Every holiday season retail and commerce receive a notable uptick in business. The USPS is expecting to ship around 5 million packages per day from Thanksgiving until Christmas and FedEx projects that they will deliver 385 million packages. While many people may be excitedly waiting by the door for presents, holiday shipping could face delays if certain supply chain issues aren’t resolved.
In the United States supply chains bottleneck are occurring because of regulations, worker shortages, and increased consumer demand. While a few supply chain disruptions were bound to happen as global economies opened back up and demand for products increased rapidly, several government-imposed barriers have made the problem worse.
To address supply chain inefficiencies 15 Republican governors recently signed Operation Open Roads. Operation Open Roads aims to ease regulations that are impeding on economic progress and hamstringing supply chains. Under Operation Open Roads, governors will use their authority, when allowable, to reduce harmful regulations such as cargo size or load restrictions to “allow cargo to move more efficiently” and “adjust hours of service constraints to provide truck drivers more time and flexibility.”
Additionally, Governors will look to “deregulate education and occupational licensure barriers to get more commercial truck drivers on the road,” and will work with different state agencies and the private sector to increase data sharing and efficiency for distribution centers, storage facilities, and other intrastate corridors. Importantly, Operation Open Roads will also address port congestion by committing harbors to operate at full capacity and by accepting Panamax ships that are stalled and waiting to be unloaded along the west coast due to port congestion.
Inefficiencies in supply chains hurt businesses and consumers alike. According to a report from GEP, COVID-19-caused disruptions in the supply chain cost businesses in America and the EU up to $4 trillion in lost revenues. Consumers feel the impact of these disruptions through rising shipping costs, higher prices, or increased inflation.
Solving the supply chain crisis is good for the environment as well. Laws such as the Jones Act or Foreign Dredge Act have contributed to increased port congestion, hurt conservation efforts to restore natural barrier islands, and inflate shipping costs. Collectively, these laws increase road congestion and push businesses to use trucking or freight to transport goods—both of which are 3.4 to 4.2 times more carbon intensive than shipping.
Global supply chains delays have also impacted the clean energy sector with the Solar Energy Association saying that supply chain constraints, among other factors, “pose downside risks to near-term growth [of the solar industry].” Additionally, vehicles that are allowed to service offshore wind farms in the United States must comply with the Jones Act which delays project completion time and increases costs.

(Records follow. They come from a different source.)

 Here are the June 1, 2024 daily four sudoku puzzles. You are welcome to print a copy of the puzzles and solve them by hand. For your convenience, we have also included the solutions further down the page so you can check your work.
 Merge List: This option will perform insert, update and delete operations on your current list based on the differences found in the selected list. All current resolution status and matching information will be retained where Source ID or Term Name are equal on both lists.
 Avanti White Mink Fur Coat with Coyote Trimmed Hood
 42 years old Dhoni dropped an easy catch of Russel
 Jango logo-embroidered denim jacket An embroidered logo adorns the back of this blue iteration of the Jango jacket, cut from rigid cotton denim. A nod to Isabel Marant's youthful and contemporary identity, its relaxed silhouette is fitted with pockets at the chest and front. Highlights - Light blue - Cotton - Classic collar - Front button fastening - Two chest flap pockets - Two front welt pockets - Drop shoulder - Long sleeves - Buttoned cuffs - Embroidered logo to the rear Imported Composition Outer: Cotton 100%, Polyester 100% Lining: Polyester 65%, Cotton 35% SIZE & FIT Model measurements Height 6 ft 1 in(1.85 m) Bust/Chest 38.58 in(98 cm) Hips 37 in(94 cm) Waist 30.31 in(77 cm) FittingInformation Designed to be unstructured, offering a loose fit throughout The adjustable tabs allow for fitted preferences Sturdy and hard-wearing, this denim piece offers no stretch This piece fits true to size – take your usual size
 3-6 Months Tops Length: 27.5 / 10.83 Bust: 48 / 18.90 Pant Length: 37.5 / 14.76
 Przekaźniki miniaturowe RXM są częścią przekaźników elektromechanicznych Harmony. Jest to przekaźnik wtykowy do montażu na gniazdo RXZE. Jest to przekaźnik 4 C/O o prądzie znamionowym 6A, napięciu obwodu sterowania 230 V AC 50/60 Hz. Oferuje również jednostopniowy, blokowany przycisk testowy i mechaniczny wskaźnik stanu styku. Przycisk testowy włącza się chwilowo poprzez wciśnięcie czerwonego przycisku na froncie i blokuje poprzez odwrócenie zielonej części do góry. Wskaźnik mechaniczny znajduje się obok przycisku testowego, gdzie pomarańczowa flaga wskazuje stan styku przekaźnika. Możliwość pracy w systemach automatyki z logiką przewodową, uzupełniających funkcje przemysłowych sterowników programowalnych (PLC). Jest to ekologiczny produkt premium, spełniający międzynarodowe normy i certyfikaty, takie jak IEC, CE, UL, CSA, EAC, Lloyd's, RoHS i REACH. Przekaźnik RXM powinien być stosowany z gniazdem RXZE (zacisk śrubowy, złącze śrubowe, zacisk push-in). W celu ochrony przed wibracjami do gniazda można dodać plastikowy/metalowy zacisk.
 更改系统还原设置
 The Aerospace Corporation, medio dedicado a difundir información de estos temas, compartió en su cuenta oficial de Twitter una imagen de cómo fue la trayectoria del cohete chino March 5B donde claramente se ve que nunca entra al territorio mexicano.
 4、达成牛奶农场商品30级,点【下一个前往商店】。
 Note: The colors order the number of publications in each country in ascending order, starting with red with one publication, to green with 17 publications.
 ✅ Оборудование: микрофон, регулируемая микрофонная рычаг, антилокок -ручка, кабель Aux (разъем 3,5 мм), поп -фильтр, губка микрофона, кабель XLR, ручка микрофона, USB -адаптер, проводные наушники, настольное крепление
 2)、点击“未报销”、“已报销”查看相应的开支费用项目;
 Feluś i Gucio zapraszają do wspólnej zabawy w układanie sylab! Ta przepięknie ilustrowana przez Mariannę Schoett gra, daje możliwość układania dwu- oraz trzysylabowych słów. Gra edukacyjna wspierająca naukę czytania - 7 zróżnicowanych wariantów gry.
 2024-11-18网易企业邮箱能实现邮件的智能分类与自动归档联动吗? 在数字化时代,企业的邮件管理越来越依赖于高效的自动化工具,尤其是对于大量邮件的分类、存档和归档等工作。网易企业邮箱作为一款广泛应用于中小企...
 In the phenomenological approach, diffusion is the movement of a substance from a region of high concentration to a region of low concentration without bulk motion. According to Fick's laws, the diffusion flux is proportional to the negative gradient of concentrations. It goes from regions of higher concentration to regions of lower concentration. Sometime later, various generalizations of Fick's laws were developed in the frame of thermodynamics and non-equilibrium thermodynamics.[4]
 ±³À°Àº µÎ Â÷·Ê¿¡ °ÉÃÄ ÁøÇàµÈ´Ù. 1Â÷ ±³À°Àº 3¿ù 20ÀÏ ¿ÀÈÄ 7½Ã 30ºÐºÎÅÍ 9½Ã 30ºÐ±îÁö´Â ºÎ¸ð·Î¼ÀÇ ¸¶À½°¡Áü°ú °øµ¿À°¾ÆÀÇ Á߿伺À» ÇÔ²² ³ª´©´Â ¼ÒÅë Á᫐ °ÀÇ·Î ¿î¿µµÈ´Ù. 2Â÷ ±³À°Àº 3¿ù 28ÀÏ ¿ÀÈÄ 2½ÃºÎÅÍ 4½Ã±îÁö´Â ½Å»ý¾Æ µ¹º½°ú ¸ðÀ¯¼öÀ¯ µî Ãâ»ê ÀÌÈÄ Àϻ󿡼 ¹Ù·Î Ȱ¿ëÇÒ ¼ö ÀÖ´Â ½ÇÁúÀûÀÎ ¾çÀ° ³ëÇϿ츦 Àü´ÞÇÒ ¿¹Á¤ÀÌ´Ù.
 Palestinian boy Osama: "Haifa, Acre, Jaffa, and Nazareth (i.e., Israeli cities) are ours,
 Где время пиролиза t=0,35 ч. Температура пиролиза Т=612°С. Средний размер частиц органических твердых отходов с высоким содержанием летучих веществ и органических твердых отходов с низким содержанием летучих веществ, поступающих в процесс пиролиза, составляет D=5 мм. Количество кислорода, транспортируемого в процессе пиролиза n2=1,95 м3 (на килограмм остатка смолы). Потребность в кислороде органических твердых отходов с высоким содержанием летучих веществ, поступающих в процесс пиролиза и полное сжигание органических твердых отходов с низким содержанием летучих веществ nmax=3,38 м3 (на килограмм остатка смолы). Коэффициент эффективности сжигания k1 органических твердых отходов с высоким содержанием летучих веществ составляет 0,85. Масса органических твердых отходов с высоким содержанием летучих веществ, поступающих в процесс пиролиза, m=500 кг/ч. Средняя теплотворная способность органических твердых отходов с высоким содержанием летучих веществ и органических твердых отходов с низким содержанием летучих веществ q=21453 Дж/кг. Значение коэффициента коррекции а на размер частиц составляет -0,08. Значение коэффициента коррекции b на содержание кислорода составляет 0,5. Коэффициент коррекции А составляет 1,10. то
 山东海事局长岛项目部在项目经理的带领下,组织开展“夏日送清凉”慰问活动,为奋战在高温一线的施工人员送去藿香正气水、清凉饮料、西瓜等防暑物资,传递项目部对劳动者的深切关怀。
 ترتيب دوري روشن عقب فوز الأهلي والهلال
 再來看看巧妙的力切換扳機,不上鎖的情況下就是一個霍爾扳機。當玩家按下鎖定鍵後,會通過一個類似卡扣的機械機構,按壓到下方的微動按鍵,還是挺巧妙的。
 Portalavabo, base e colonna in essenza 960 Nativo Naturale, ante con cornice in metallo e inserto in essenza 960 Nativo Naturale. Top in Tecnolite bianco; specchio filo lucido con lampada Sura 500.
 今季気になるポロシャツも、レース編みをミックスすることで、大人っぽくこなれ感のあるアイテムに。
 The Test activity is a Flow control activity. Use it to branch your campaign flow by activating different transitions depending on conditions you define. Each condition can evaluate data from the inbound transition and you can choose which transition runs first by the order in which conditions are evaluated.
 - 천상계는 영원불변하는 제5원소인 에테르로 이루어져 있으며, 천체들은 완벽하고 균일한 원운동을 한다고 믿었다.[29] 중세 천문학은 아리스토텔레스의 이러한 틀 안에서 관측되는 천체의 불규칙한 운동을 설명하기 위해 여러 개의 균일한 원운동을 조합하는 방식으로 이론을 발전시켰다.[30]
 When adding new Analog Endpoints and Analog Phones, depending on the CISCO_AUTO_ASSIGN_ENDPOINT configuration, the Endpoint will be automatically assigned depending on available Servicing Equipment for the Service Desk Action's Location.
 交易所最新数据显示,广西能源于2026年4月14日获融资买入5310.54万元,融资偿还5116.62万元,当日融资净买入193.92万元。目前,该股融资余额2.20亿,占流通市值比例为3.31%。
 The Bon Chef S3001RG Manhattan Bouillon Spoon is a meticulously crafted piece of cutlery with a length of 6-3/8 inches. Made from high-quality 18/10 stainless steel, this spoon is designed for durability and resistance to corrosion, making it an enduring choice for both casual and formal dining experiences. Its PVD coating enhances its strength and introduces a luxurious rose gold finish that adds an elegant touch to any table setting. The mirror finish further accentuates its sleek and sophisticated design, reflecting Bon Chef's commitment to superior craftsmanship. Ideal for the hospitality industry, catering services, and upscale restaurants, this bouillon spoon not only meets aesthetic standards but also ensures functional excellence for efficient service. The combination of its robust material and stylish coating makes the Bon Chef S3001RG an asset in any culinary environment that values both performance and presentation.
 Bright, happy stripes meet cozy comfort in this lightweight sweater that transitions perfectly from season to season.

Easing supply chain constraints makes economic and environmental sense. Operation Open Roads looks to increase economic productivity by reducing several government-imposed barriers that hinder development. To be clear, the supply chain issues are a result of both global and domestic factors and also a result of supply and demand. But some government laws and regulations have exacerbated the problem, and Operation Open Roads provides a pathway forward for domestic and local policy makers to address supply chain backlogs.